無理しなくていいって。イルカ先生も忙しいんだろ。
拗ねたような言い方で。
無理なんかしてる訳がないイルカがぽかんとすると、ふいと背中を向けられた。
走り去るナルトの後ろ姿を見つめながら、寂しさが胸に広がった。
そう言えば、最後にナルトを抱き締めたのはいつだっただろうか。
太陽の匂いがするナルトを思い切り抱き締めたい。無邪気に腰にまとわりつくナルトを思い出す。
寂しさが胸に詰まる思いに、イルカはナルトが走り去った道を眺めながら眉を下げた。

どんな事があっても自分はナルトの味方であり、側にいる理解者であり続けたいと願ったが。
それはもう必要ないのか。

数日後、定時にアカデミーを出たイルカは、オレンジ色に染まるナルトの背中を見つけた。
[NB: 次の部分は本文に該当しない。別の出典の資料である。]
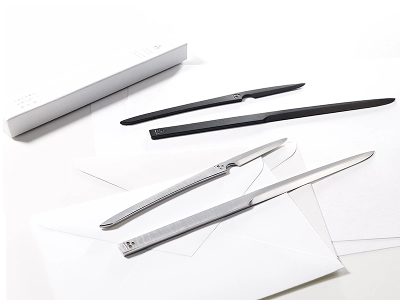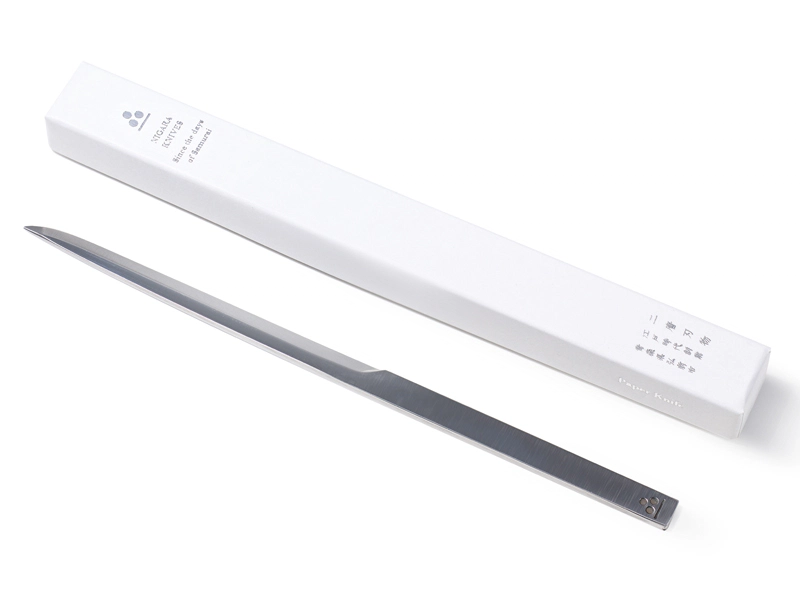 二唐刃物のある青森県弘前市は津軽地方と呼ばれ、平安時代は大規模な製鉄が行われていました。江戸時代になると100軒以上もの鍛冶屋があったと言われており、その中の1つである二唐刃物は350年の伝統があります。ペーパーナイフはその伝統と技術をお手元で楽しんでいただこうと鍛治職人が一本一本丁寧に仕上げたものです。刀をイメージしたペーパーナイフとレターオープナーを収める函には、独特な手触りが高級感を感じさせる「NTスフール」の中から、青森の雪のようなスノーホワイトを選びました。(長澤昌彦さん)

任務帰りなのか、少し土埃で服が汚れている。イルカはその小さな背中をじっと見つめゆっくり息を吐き出すと、大きく一歩を踏み出した。
「ナルト」
声に反応してナルトが振り返る。
昔と何も変わらないくるりとした青い目が自分を見つめていた。
「どうだ、ナルト。この前はあれだったけど、今日は一緒にラーメン食いに行かないか」
屈んでナルトの目を見つめる。返事を待つイルカに、ナルトは迷いを見せるかのように視線を揺らした。
「カカシ先生は今日一緒じゃねーの?」
ナルトから出た言葉にイルカは瞬きをした。
「……カカシ先生か?いや、一緒じゃないけど」
ふうん、と口を尖らせたナルトに相槌を打たれても何故だかよく分からない。不思議そうな顔をするイルカに、ナルトはまた口を開いた。
「約束してねーって事?」
「しつこいな、ナルト。俺は今日はカカシ先生とは約束なんて、してないって言ってるだろ」
言いながら気がつく。
ナルトの言っている意味が。
カカシとの関係に、ナルトは気がついている。
かあ、と動揺と共に身体の芯が熱くなるのに、同時にナルトの視線の奥にある感情に気がつく。
いや、違う。
イルカは反射的に心の中で否定した。
そんな事があるはずかない。
ナルトが自分に向ける対象はそのままの元恩師か年の離れた兄弟か、はたまた父親に似た存在であるはずで。
なのに。
ナルトに向けられた感情を裏付けるように、カカシの言葉が浮かび上がった。
イルカ先生は分かってない。
どくどくと心音が早まる。
それでもまだ否定したいイルカに、ナルトは口を開いた。
「でもさ、イルカ先生にはカカシ先生がいるだろ」
どうしても否定したいのに。
そんな言葉を吐かれ。動揺しながらも冷静に感じ取っている自分がいた。
そう。ナルトは、カカシと同じ感情を俺に持っている。分かってしまった途端、ちりちりと胸が痛んだ。
それでも俺はーー。
その辛さを隠すように。イルカはすう、と息を吸い込んだ。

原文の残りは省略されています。